- _Exercise description_:
Exactly the lines from the start of the data below through the line that contains "Located in the" are to be copied, with pictures left out.

Records from a collection
--

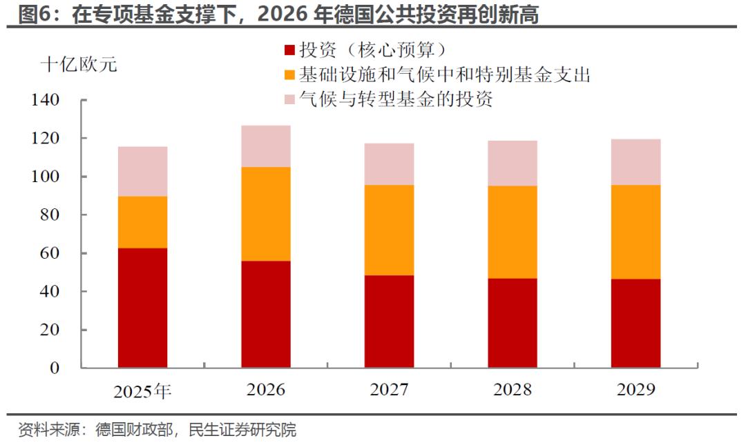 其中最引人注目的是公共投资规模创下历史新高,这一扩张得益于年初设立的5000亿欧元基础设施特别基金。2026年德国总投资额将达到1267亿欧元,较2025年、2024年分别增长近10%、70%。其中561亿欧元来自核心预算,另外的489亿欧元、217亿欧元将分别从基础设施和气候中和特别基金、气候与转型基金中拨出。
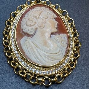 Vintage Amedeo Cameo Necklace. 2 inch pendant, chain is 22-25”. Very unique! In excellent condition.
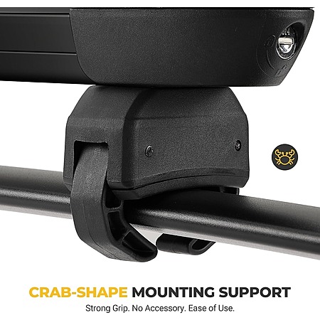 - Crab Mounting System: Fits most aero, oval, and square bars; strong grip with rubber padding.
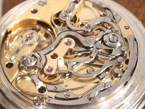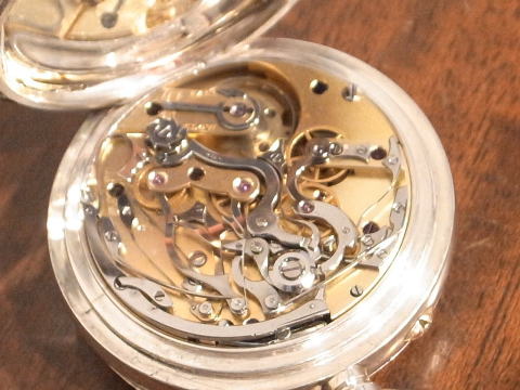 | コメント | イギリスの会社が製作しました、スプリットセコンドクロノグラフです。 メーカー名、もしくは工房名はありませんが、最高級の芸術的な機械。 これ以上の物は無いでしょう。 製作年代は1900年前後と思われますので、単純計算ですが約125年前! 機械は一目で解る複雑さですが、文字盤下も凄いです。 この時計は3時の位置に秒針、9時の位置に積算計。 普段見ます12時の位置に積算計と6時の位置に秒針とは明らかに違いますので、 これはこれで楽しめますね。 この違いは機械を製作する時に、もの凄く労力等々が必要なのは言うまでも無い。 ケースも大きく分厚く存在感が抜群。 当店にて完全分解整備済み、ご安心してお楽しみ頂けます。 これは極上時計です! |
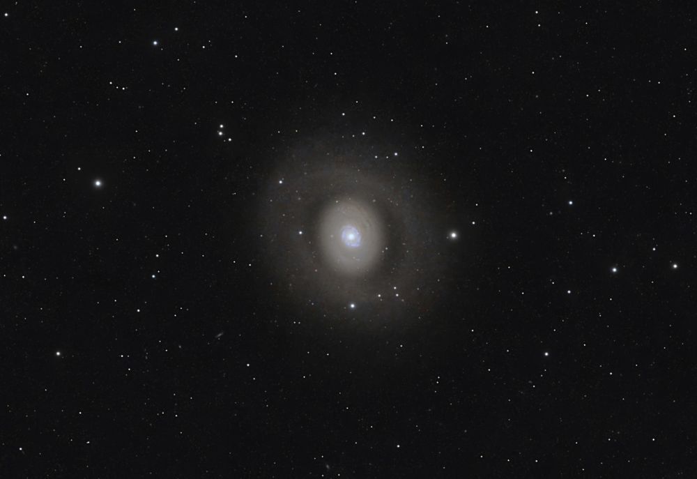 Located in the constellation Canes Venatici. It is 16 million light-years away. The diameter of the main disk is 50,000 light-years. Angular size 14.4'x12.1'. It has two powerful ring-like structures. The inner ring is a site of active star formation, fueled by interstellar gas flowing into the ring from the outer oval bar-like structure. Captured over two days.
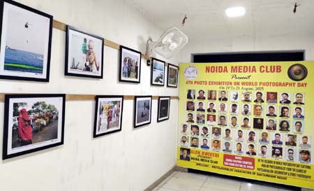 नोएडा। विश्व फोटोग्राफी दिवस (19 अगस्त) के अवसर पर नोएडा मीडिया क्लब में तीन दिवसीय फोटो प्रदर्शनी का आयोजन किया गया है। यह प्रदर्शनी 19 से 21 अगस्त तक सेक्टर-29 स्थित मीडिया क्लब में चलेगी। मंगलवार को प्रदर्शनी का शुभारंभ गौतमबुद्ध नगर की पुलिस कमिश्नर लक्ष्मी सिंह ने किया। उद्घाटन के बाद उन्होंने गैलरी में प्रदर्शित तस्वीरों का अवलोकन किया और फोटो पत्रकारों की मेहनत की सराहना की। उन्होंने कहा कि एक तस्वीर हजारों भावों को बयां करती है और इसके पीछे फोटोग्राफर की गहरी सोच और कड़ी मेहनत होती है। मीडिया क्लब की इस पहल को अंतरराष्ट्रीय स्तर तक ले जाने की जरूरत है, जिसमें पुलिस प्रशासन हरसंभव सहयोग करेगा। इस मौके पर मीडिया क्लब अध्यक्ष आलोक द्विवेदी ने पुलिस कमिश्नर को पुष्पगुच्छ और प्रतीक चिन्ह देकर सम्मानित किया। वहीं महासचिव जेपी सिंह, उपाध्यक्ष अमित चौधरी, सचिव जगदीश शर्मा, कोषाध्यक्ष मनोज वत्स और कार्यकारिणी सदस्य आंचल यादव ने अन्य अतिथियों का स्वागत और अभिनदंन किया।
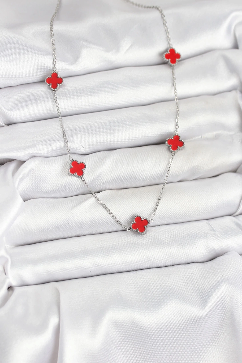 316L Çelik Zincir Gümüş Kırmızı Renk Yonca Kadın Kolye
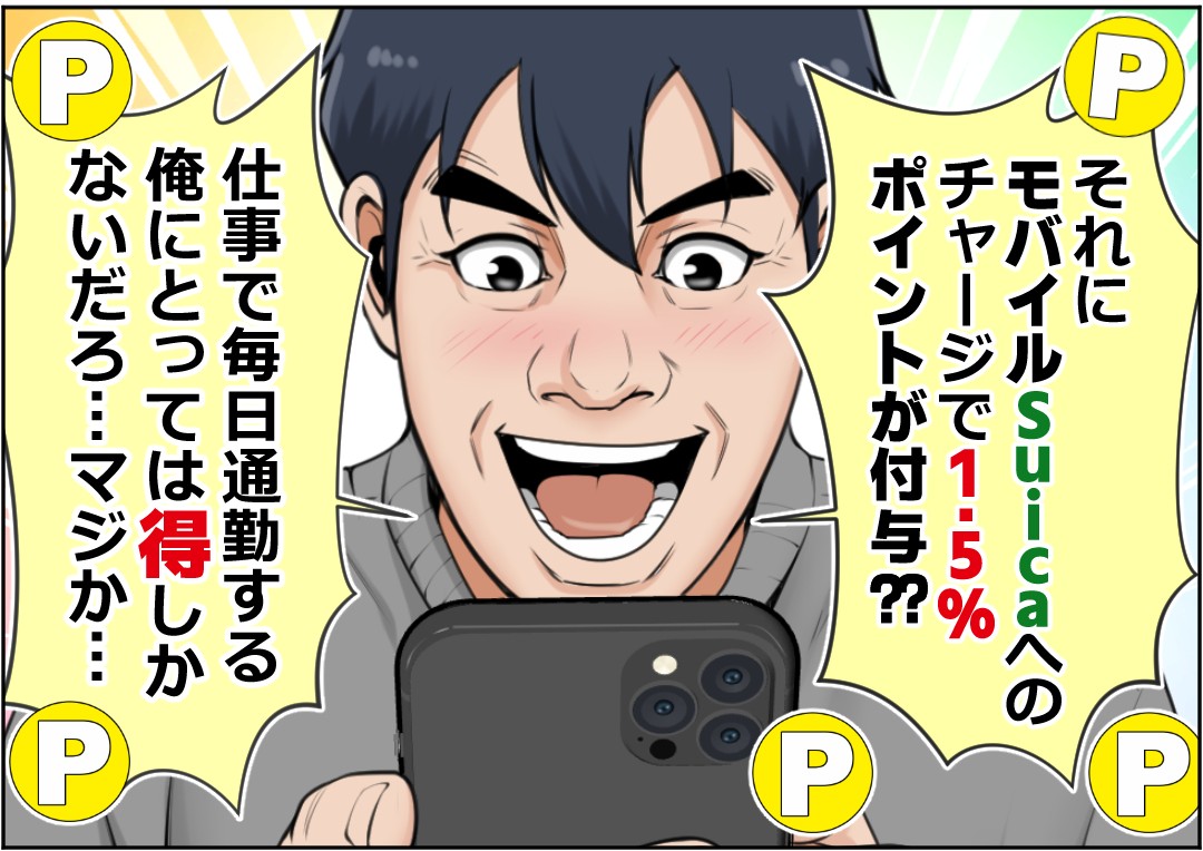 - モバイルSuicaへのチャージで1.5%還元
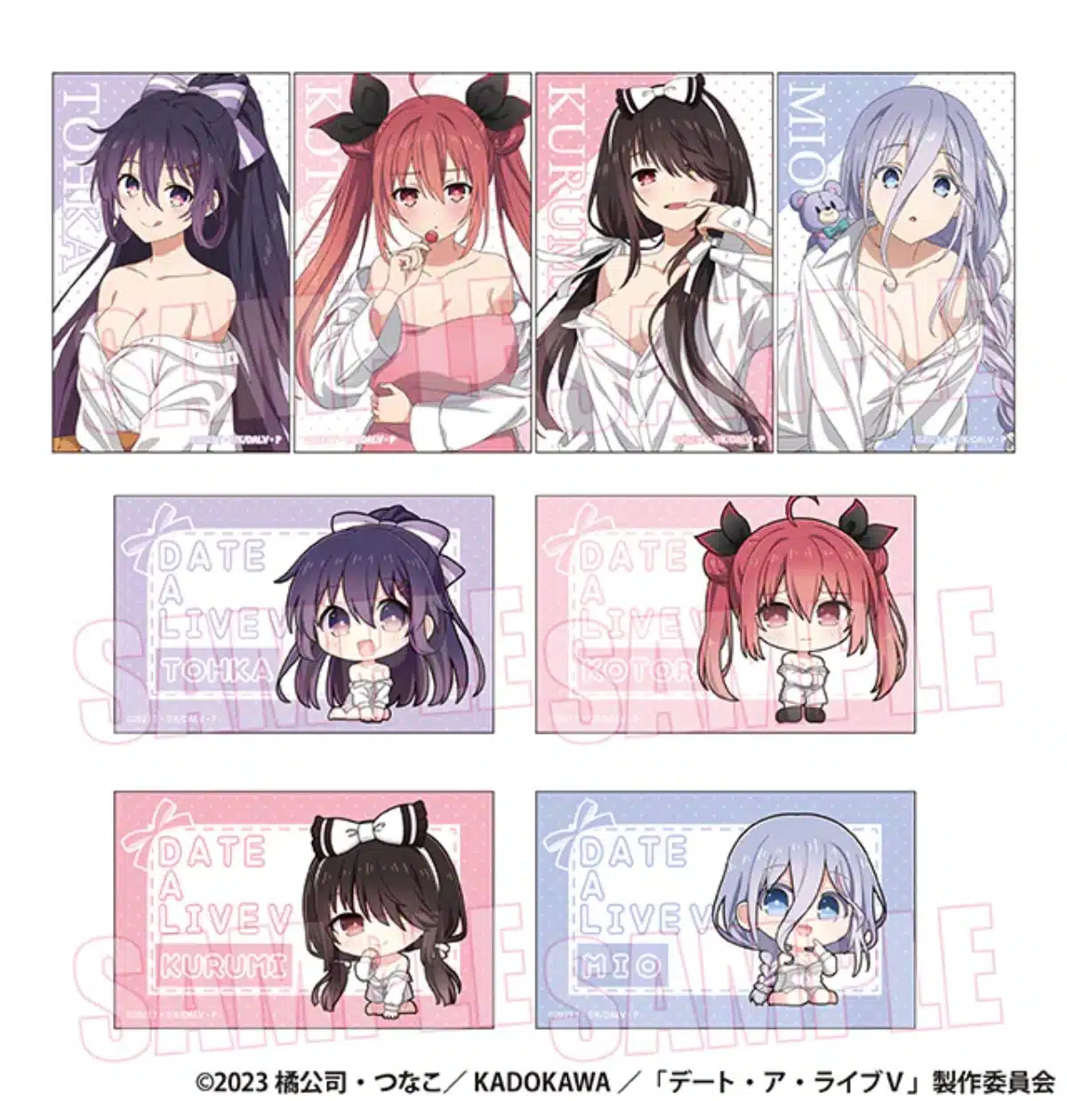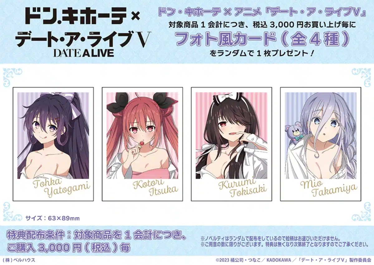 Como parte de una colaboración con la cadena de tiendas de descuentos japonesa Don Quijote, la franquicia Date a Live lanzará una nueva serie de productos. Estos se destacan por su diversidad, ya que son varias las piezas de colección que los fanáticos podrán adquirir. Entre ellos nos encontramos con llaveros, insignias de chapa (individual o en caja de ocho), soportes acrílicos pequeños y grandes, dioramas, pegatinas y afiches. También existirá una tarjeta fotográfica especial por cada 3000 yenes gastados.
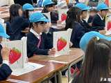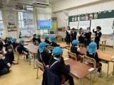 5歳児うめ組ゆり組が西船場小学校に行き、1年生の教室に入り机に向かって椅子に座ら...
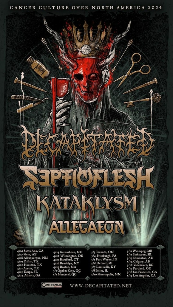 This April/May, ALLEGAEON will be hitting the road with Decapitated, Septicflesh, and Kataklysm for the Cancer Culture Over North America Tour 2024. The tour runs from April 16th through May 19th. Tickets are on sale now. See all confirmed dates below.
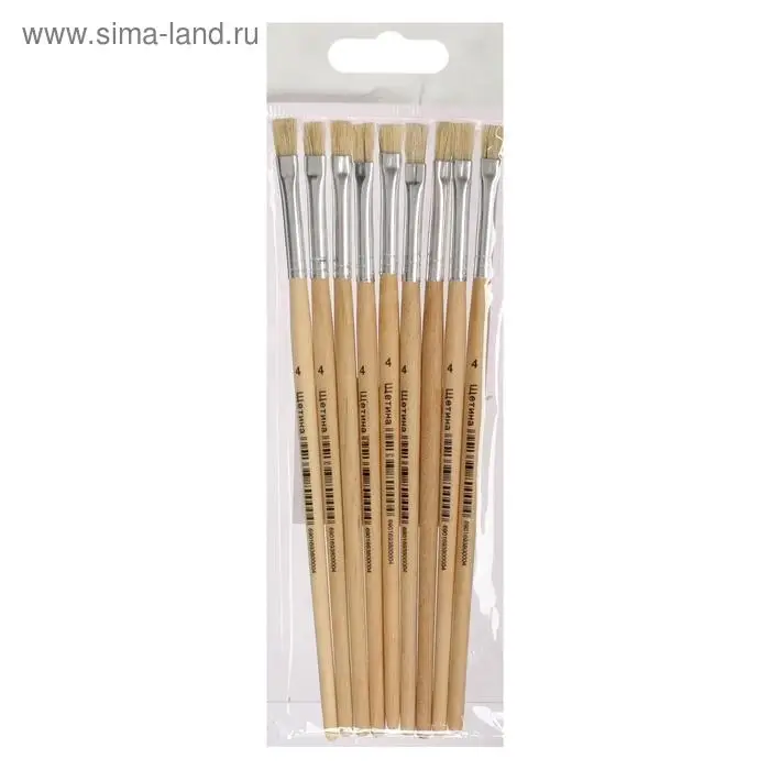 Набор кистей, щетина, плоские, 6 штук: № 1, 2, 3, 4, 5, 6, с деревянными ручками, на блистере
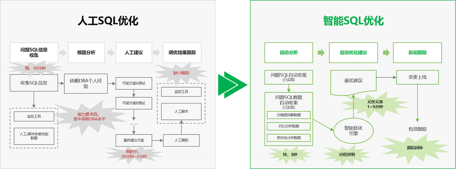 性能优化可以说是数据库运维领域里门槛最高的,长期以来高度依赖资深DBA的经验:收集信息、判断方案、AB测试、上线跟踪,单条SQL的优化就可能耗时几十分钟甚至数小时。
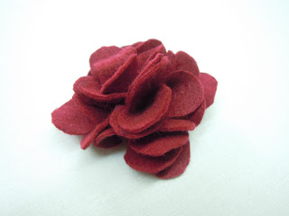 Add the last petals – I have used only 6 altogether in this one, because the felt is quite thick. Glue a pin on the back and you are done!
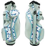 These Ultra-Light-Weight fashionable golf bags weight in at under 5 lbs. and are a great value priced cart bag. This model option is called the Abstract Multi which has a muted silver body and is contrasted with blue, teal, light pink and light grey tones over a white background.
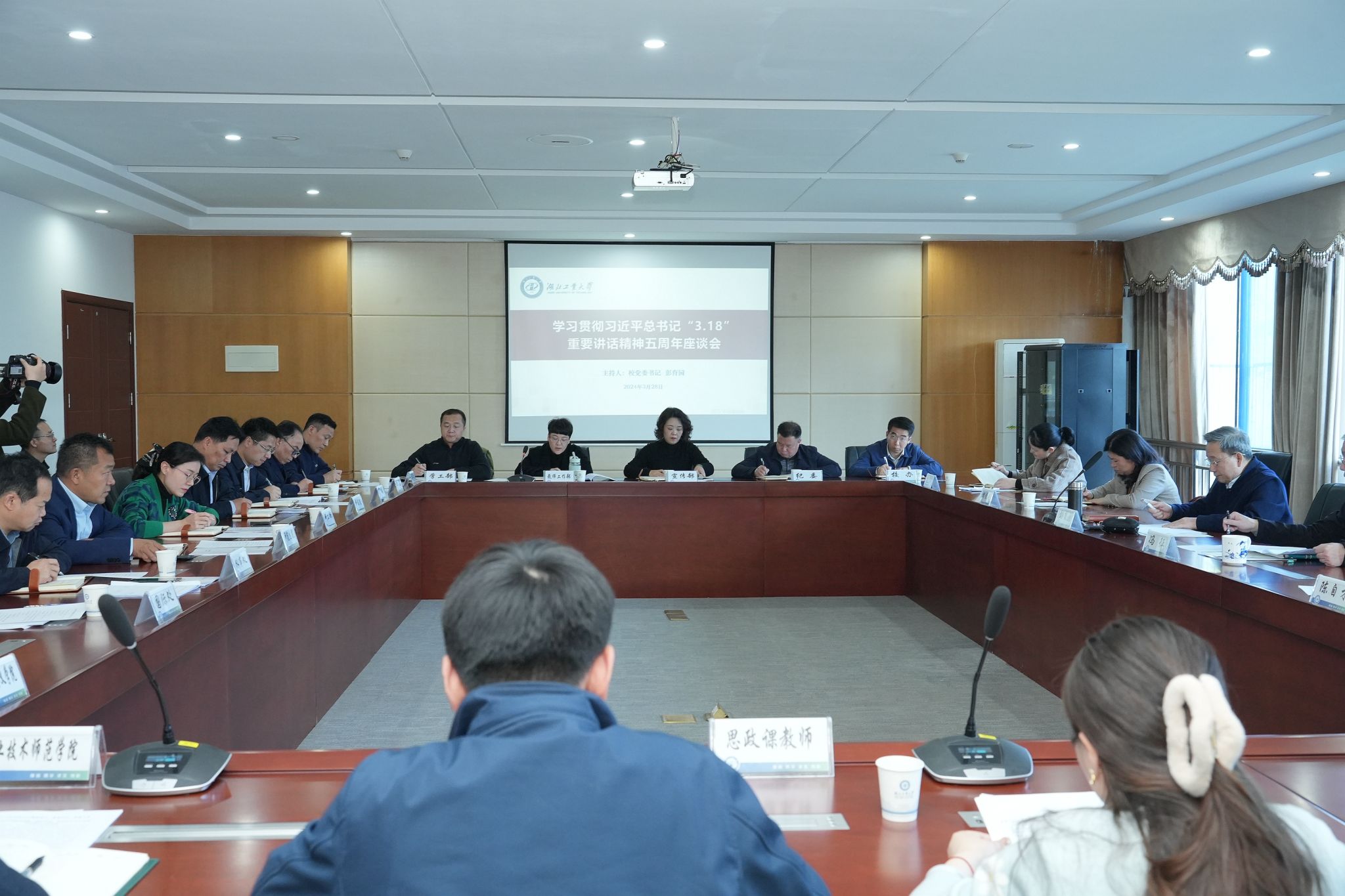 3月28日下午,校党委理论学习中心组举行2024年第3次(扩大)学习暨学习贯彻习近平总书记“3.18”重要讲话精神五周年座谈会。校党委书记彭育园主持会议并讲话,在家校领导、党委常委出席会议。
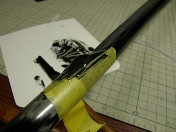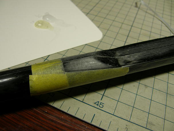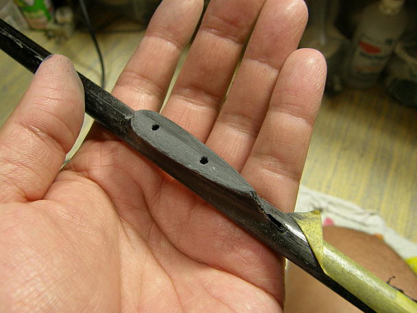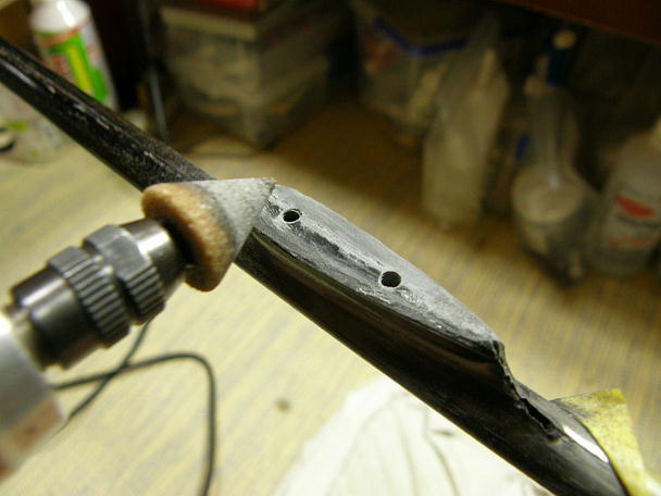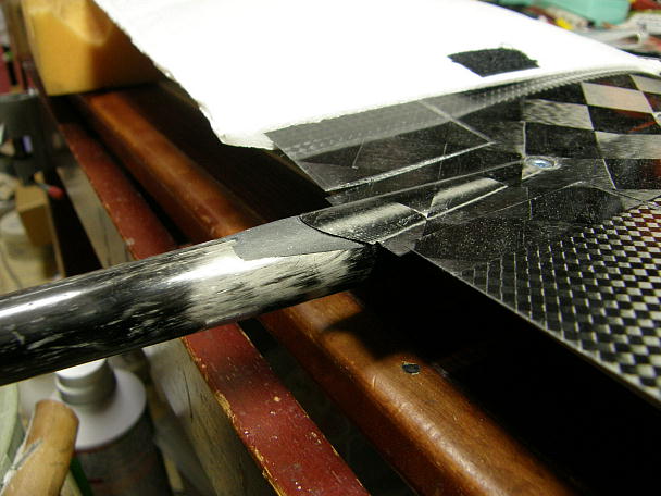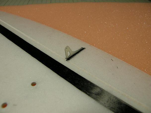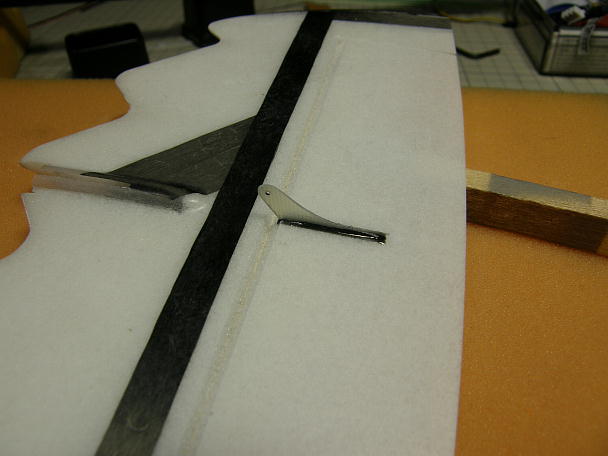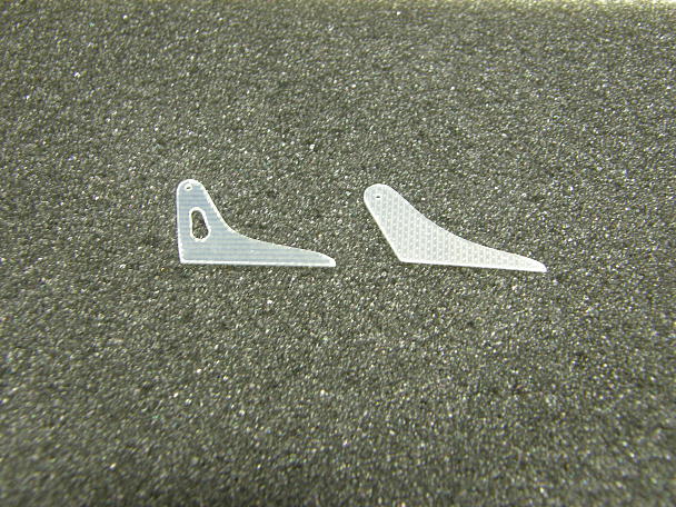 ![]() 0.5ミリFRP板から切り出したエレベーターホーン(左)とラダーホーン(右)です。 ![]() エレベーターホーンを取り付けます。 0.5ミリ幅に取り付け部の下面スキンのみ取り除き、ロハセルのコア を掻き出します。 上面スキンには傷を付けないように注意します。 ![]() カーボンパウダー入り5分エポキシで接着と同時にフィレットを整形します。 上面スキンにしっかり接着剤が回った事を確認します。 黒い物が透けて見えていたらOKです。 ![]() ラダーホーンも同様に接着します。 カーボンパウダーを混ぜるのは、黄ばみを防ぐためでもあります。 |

--

- _Answer section_:
 其中最引人注目的是公共投资规模创下历史新高,这一扩张得益于年初设立的5000亿欧元基础设施特别基金。2026年德国总投资额将达到1267亿欧元,较2025年、2024年分别增长近10%、70%。其中561亿欧元来自核心预算,另外的489亿欧元、217亿欧元将分别从基础设施和气候中和特别基金、气候与转型基金中拨出。
 Vintage Amedeo Cameo Necklace. 2 inch pendant, chain is 22-25”. Very unique! In excellent condition.
 - Crab Mounting System: Fits most aero, oval, and square bars; strong grip with rubber padding.
 | コメント | イギリスの会社が製作しました、スプリットセコンドクロノグラフです。 メーカー名、もしくは工房名はありませんが、最高級の芸術的な機械。 これ以上の物は無いでしょう。 製作年代は1900年前後と思われますので、単純計算ですが約125年前! 機械は一目で解る複雑さですが、文字盤下も凄いです。 この時計は3時の位置に秒針、9時の位置に積算計。 普段見ます12時の位置に積算計と6時の位置に秒針とは明らかに違いますので、 これはこれで楽しめますね。 この違いは機械を製作する時に、もの凄く労力等々が必要なのは言うまでも無い。 ケースも大きく分厚く存在感が抜群。 当店にて完全分解整備済み、ご安心してお楽しみ頂けます。 これは極上時計です! |
 Located in the constellation Canes Venatici. It is 16 million light-years away. The diameter of the main disk is 50,000 light-years. Angular size 14.4'x12.1'. It has two powerful ring-like structures. The inner ring is a site of active star formation, fueled by interstellar gas flowing into the ring from the outer oval bar-like structure. Captured over two days.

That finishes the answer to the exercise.